Patient safety and performance improvement are at the top of most healthcare facilities’ agenda. Sterile processing technicians can bring a unique perspective to performance improvement teams and, in most states, must have representation on the infection prevention and control committee. This committee should be a forum to monitor load recalls, flash sterilization, the release of implantable items prior the known results of biological monitoring and any other practice that has the potential for adverse patient outcomes. This committee is also the place to report successes in the SPD. Are you proud of your error rate? Have you had an extended period with no recalls? These have a positive impact on patient safety and should be touted. Sterile processing professionals should also become involved in their professional organizations.
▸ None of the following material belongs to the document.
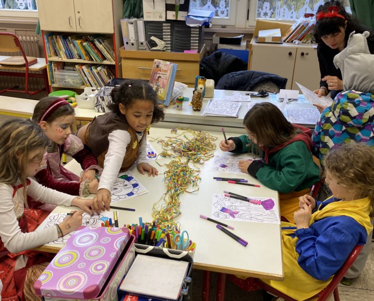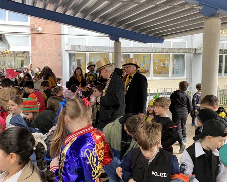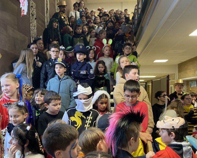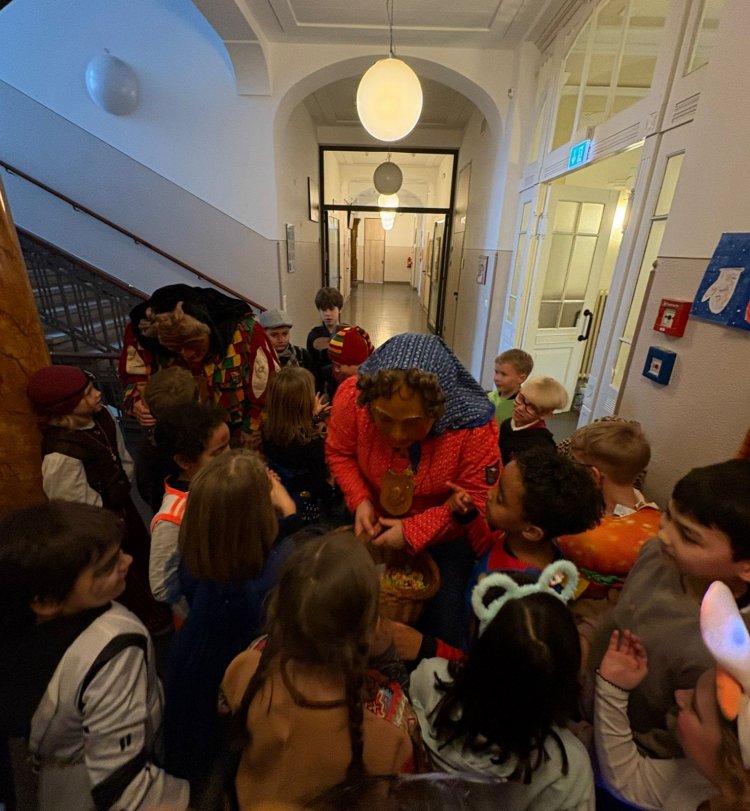 Es fing alles ganz harmlos an. Doch plötzlich setzte diese laute Musik ein, die in meinen winzigen Beinen kribbelte. Und dann passierte es: Eine riesige, bunte Schlange wälzte sich durch die Flure! Sie wurde von Klassenzimmer zu Klassenzimmer immer länger, bis sich eine endlose Kette aus Polizisten, Prinzessinnen und Dinosauriern auf mich zu bewegte. Ich habe mich vorsichtshalber an einer Fußleiste festgehalten, während die bunte Truppe an mir vorbeizog.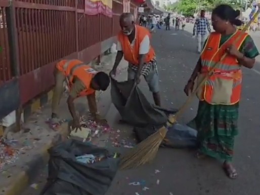 HYD: గణేశ్ మహా నిమజ్జనం సందర్భంగా జీహెచ్ఎంసీ సిబ్బంది క్షేత్రస్థాయిలో నిర్విఘ్నంగా స్వచ్ఛత కార్యక్రమాలు చేపడుతున్నారు. నిమజ్జనం జరిగే ప్రదేశాల్లో చెత్త, పూలమాలలు, కలర్ పేపర్స్, ఇతర వ్యర్థాలను తక్షణమే తొలగిస్తూ, పారిశుద్ధ్యాన్ని కాపాడుతున్నారు. 15 వేల మంది సానిటేషన్ సిబ్బంది 24×7 విధుల్లో ఉండగా, అధికారులు స్వయంగా పర్యవేక్షణ నిర్వహిస్తున్నారు.

The networking and continuing education provided can be invaluable to the ongoing success of sterile processing professionals and their overall department by keeping staff abreast of the latest industry trends, practices and standards.
While technicians likely have heard or read these suggestions before, many have yet to fully embrace them and take the necessary steps to ensure the best outcomes for the customers and patients they serve. Becoming educated, certified and involved is a way to stay on par with the other healthcare professionals in our hospitals, while driving positive outcomes and elevating the profession to the status it deserves.
Lisa S. Huber, BA, CRCST, FCS, ACE, is sterile processing director for Anderson Hospital in Maryville, Ill. and is president of the International Association of Healthcare Central Service Materiel Management (IAHCSMM).